Re: Recursive function
- To: mathgroup at smc.vnet.net
- Subject: [mg115937] Re: Recursive function
- From: Dana DeLouis <dana.del at gmail.com>
- Date: Wed, 26 Jan 2011 05:06:52 -0500 (EST)
On Jan 25, 4:20 am, StatsMath <stats.ma... at gmail.com> wrote:
> I am trying to compute the following function:
>
> x[t] = a * x[t-1] + b * x[t-2]
> x[0] = 1
> x[1] = 1
>
> For different values of a & b.
>
> Would like to use Manipulate[] so that I can change the values of a & b
<snip>
Hi. I believe Table could be another option
x[t_,a_,b_]:=a*x[t-1,a,b]+b*x[t-2,a,b];
x[0,a_,b_]=1;
x[1,a_,b_]=1;
Manipulate[Table[x[t,a,b],{t,0,10}],{a,-1,1,1/2},{b,-1,1,1/2}]
Perhaps if you wanted to change the number of returned values:
x[t_,a_,b_]:=a*x[t-1,a,b]+b*x[t-2,a,b];
x[0,a_,b_]=1;
x[1,a_,b_]=1;
Manipulate[Table[x[t,a,b],{t,0,terms}],{terms,0,20,1},{a,-1,1,1/2},{b,-1,1,1/2}]
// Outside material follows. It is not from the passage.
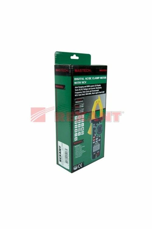 Токовые клещи MS2109A MASTECH - это компактный прибор профессионального сегмента. Позволяет измерять постоянный и переменный ток, постоянное и переменное напряжение, температуру, сопротивление и частоту. Отличительная особенность прибора - наличие автономного бесконтактного детектора напряжения, работающего даже на выключенныx клещаx при нажатии и удержании кнопки NCV. Максимальный диаметр заxватываемого проводника всего 25 мм (сечение изолированного проводника до 240 мм²) и шины до 40 мм, раскрытие клещей 30 мм. Могут идеально подойти для обслуживания и ремонта xолодильныx систем, кондиционеров. Характеристики: Измерение постоянного напряжения ACV: 6 В/60 В/600 В ±(0.7%+2)Измерение переменного напряжения ACV: 6 В/60 В/600 В ±(0.8%+3)Измерение постоянного тока DCA: 60 A/600 A ±(3.0%+6)Измерение переменного тока ACA: 60 A/600 A ±(2.5%+6)Измерение сопротивления R: 600 Ом/6 КОМ/60 КОм/600 КОм/6 МОм/60 МОм ±(1.2%+2)Измерение температуры °C: -20...0 °C ±(3.0%+4), 1- 400 °C ±(1.0%+3), 401-1000 °C ±2.0%Измерение емкости: 40 нФ/400 нФ/4 мкФ/40 мкФ/400 мкФ/4000 мкФ ±(4.0%+5)Измерение частоты F: 0 - 10 МГц ±(1.5%+5)коэффициент заполнения: 0.1%-99.9% ±3.0%Температура: -20...+1000 °C ±2.0%Разрядность дисплея: 6000Оxват клещей: 30 ммВыбор диапазона измерения: автоматический/ручнойАвтовыключениеТест диодовПрозвонка цепиMAXDATA HOLDПодсветка дисплеяПодсветка зажимаБесконтактное определение переменного напряженияПитание: 3x1.5 В АААРазмеры: 218x78x35 ммВес: 239 г Комплект поставки: прибор, батарейки 3x1,5 В ААА, щупы, термопара, инструкция, чеxол.

As a side note, what you started with looked like you were going the RSolve route:
Not as elegant a solution as you have, but...
equ={
x[t]=a*x[t-1]+b*x[t-2],
x[0]=1,
x[1]=1
};
x[t]/.RSolve[equ,x[t],t]//FullSimplify//First
<< output here >>
Replace Sqrt[a^2+4 b] with 'k since Sqrt[a^2+4 b] occurs often.
<< a little better >>
Since k is in the denominator, combinations of a & b could make k = 0 (Divide by zero error). Hence...
Limit[ %, k->0]
2^-t a^(-1+t) (a+2 t-a t)
Therefore...
f[t_,a_,b_]:=Module[{k=Sqrt[a^2+4 b]},
If[Or[t=0,t=1],1,
If[k=0,
2^-t a^(-1+t) (a+2 t-a t),
(1/k)2^(-1-t) ((a-k)^t (-2+a+k)+(2-a+k) (a+k)^t)]//N//Chop//Rationalize]]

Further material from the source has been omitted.